Adoration of the Magi in a Winter Landscape or Adoration of the Magi in the Snow is a 1563 painting by Pieter Bruegel the Elder, now in the Oskar Reinhart Collection Am Römerholz in Winterthur, Switzerland.

Allegory of Happiness is an oil on copper painting by Bronzino, probably first produced for the Studiolo of Francesco I, signed BROZ. FAC. and now in the Uffizi in Florence. It is now in a fluted and gilded 17th century wooden frame. Most art historians date it to around 1567.

Conversion of Paul is an oil-on-panel by the Netherlandish Renaissance artist Pieter Bruegel the Elder, painted in 1567. It is currently held and exhibited at the Kunsthistorisches Museum in Vienna.

Healing of the Man Born Blind is a painting of the healing of the man born blind by El Greco, produced in 1567 during his time in Venice. It is now in the Gemäldegalerie Alte Meister in Dresden.

The Knight in Black is a c.1567 oil on canvas portrait painting of an unknown male subject by Giovanni Battista Moroni, now in the Museo Poldi Pezzoli in Milan.

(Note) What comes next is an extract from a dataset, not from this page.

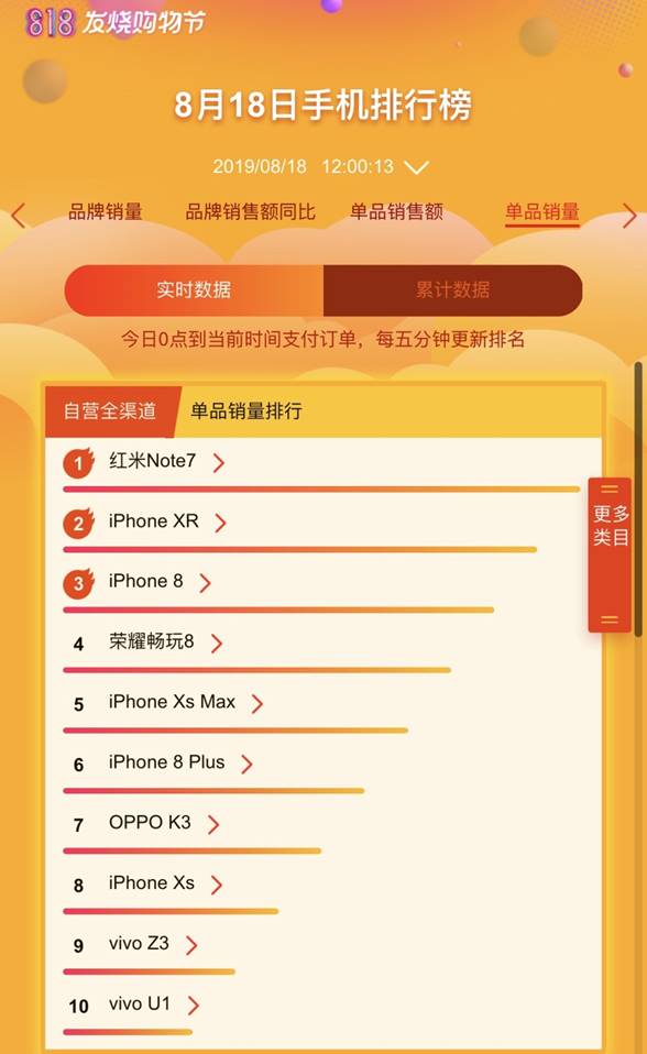 苏宁818期间,苹果、华为等多款手机降价,“以旧换新”加持,消费者的购买热情被激发。截至8月18日12点,红米Note7夺单品销量第一,iPhone XR、iPhone 8紧追其后。小米、荣耀系列产品表现抢眼,品牌销量额进入前三。

Het Luilekkerland — known in English as The Land of Cockaigne — is a 1567 oil painting by Pieter Bruegel the Elder. In medieval times, Cockaigne was a mythical land of plenty, but Bruegel's depiction of Cockaigne and its residents is not meant to be a flattering one. He chooses rather a comic illustration of the spiritual emptiness believed to derive from gluttony and sloth, two of the seven deadly sins.

The Peasant Dance is an oil-on-panel by the Netherlandish Renaissance artist Pieter Bruegel the Elder, painted in circa 1567. It was looted by Napoleon Bonaparte and brought to Paris in 1808, being returned in 1815. Today it is held by and exhibited at the Kunsthistorisches Museum in Vienna.

The Peasant Wedding is a 1567 genre painting by the Dutch and Flemish Renaissance painter and printmaker Pieter Bruegel the Elder, one of his many depicting peasant life. It is now in the Kunsthistorisches Museum, Vienna. Pieter Bruegel the Elder enjoyed painting peasants and different aspects of their lives in so many of his paintings that he has been called Peasant-Bruegel, but he was an intellectual, and many of his paintings have a symbolic meaning as well as a moral aspect.